Phillipstown School hopeful of staying open, UC legal expert says

May 14, 2013

A judicial review of the future of Christchurch’s Phillipstown Primary School is still a possibility but it depends on a final decision to be made at the end of the month, says the Dean of University of Canterbury’s School of Law, Associate Professor Chris Gallavin.

The interim decision released in February proposed that Phillipstown be merged with Woolston Primary School on the Woolston site in 2014. This was a material change from the proposal the school was consulted on which involved a merger with Linwood on the Linwood site in 2018.

Wrap around services provided to the community by Phillipstown School means it is integral to the survival of the Phillipstown community’ Professor Gallavin says.

``Judicial review of the Minister’s decision is still a very real possibility but we must wait until the end of May for the final decision for Phillipstown and the other schools earmarked for closure or amalgamation,’’ Professor Gallavin says.

``The school put together a fine submission last month in which the views of the Phillipstown community were made very clear. It will be a disaster for the community for the Minister’s interim decision not to be reversed.

``The process has taken close to eight months since the September announcement of closures and a Canterbury wide review of schools. It has been incredibly stressful on everyone including the children of the affected schools in particular.

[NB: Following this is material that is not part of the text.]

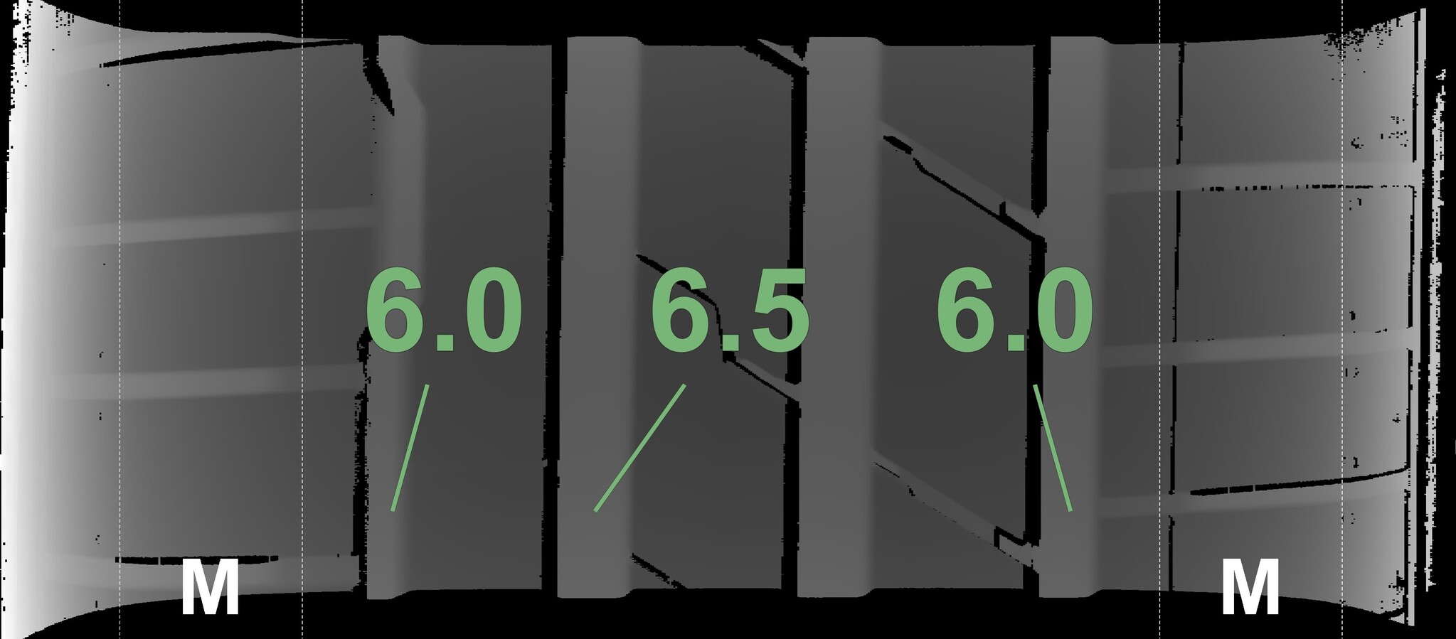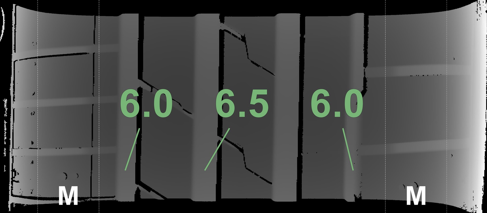 The measured tread depths and the details of the rims are shown above.

``Judicial review is effectively a judicial audit of a decision and could result in the reset button being pushed on the entire process.

``The school has a particularly strong case for staying open including high student achievement. It is committed, in good faith, to the process laid down by the Ministry. I have never met a person so committed to his students and wider community as the school principal, Tony Simpson.

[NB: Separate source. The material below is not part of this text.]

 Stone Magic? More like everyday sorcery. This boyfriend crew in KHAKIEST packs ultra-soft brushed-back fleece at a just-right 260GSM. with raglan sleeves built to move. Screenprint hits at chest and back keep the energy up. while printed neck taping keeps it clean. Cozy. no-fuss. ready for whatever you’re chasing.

``He has come under significant pressure and no matter the final decision I believe that Phillipstown and the wider Christchurch community owe him a debt of gratitude,’’ Professor Gallavin says.

Deficiencies in the process have been so controversial that the Ombudsman’s office has made the rare move of instigating a review of the process in closing Canterbury schools.

Conclusions from the Ombudsman’s review are likely to come too late to save Phillipstown and the other schools affected. The decision by the Minister on the future of Phillipstown and the other schools earmarked for closure or amalgamation is due by the end of May.

The School of Law has been increasingly approached by community groups and those in need of legal advice around Christchurch, Professor Gallavin says.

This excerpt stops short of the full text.